++++ GIVEN INFORMATION
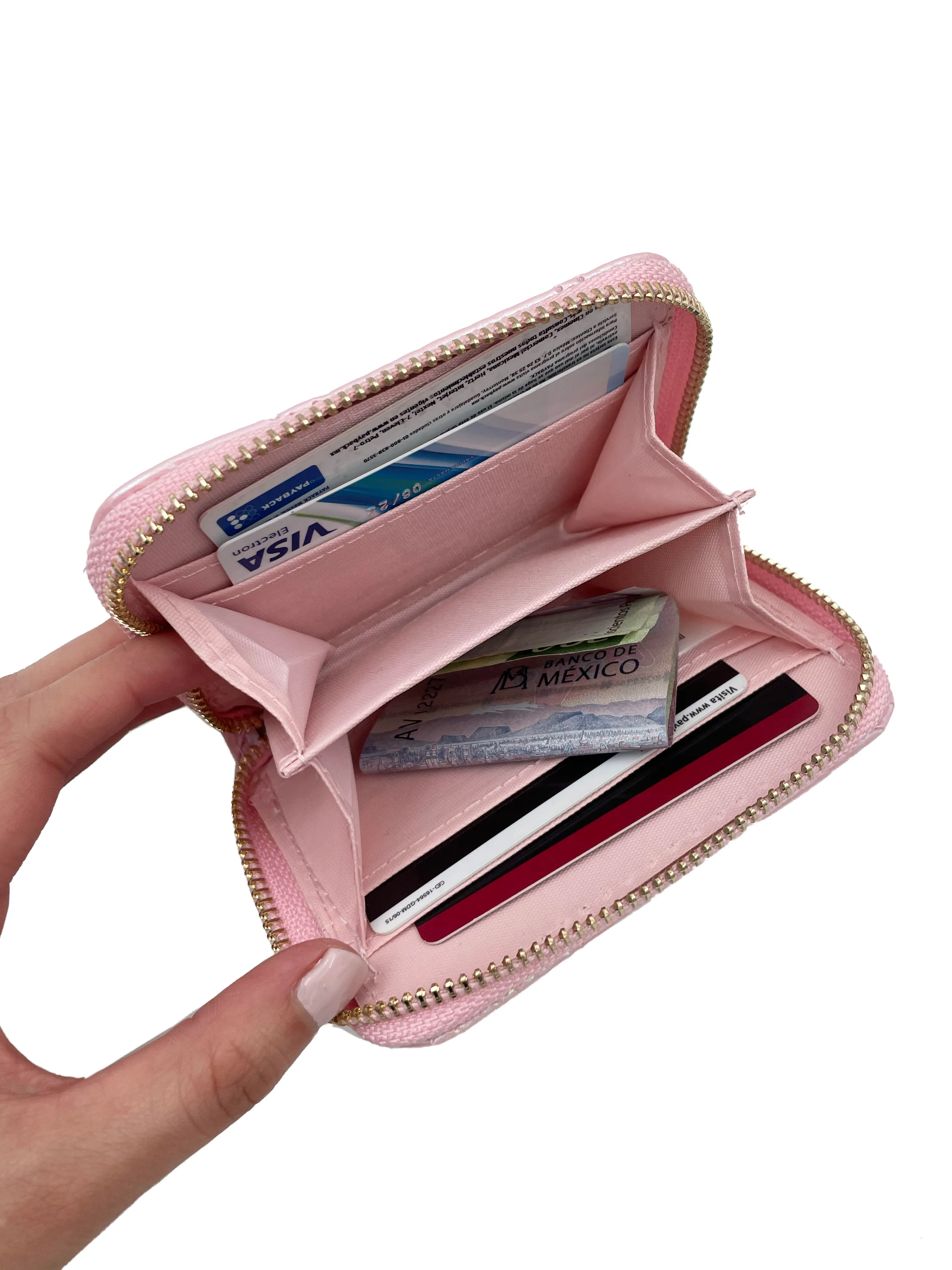 Cartera Básica Corazones Capitonado Rosa Efecto Tornasol
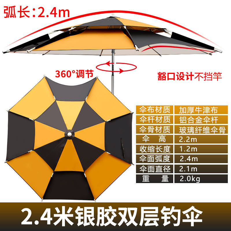 户外钓鱼伞——大钓伞加厚万向鱼伞,专为垂钓爱好者设计,采用双层防暴雨结构,外层高密度防水布有效抵御强风暴雨,内层透气防紫外线涂层,强力阻隔99%以上UVX线,防晒隔热效果出众。伞面宽大,遮阳面积充足,360°万向调节支架,可自由调节角度与高度,适应不同风向与日照方向。加厚铝合金骨架,抗风稳固,经久耐用。轻便易携,快速开合,无论是湖边、河边还是海边垂钓,都能为您提供持久舒适的遮阳避雨空间,是户外垂钓的理想伴侣。
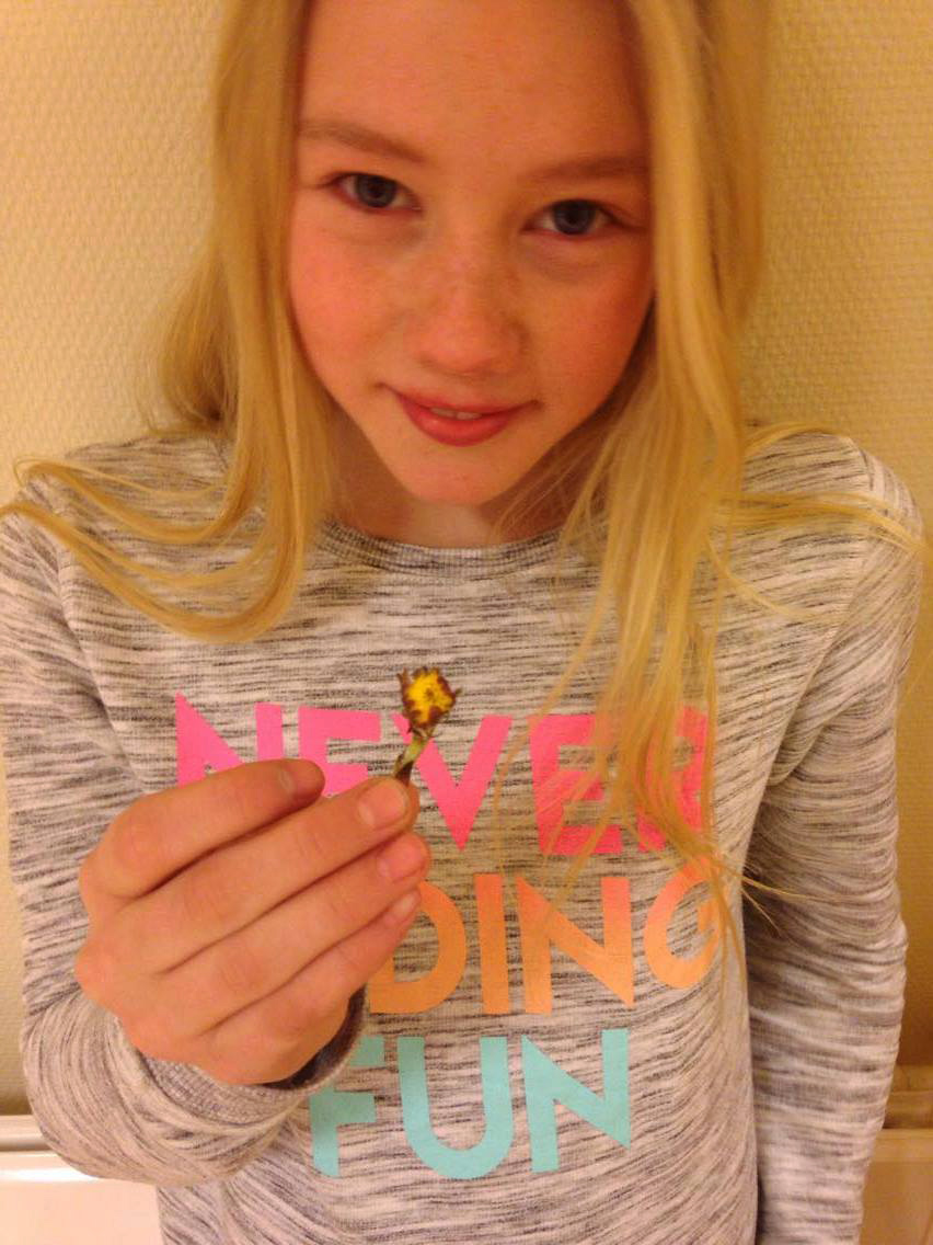 Ariel fant det som vel må være årets første hestehov i skolegården på Lauvsnes skole torsdag.
++++++++
> _YOUR ASSIGNMENT_
Could you return the whole listing exactly, images excluded?

> _ANSWER SECTION_
 Cartera Básica Corazones Capitonado Rosa Efecto Tornasol
 户外钓鱼伞——大钓伞加厚万向鱼伞,专为垂钓爱好者设计,采用双层防暴雨结构,外层高密度防水布有效抵御强风暴雨,内层透气防紫外线涂层,强力阻隔99%以上UVX线,防晒隔热效果出众。伞面宽大,遮阳面积充足,360°万向调节支架,可自由调节角度与高度,适应不同风向与日照方向。加厚铝合金骨架,抗风稳固,经久耐用。轻便易携,快速开合,无论是湖边、河边还是海边垂钓,都能为您提供持久舒适的遮阳避雨空间,是户外垂钓的理想伴侣。
 Ariel fant det som vel må være årets første hestehov i skolegården på Lauvsnes skole torsdag.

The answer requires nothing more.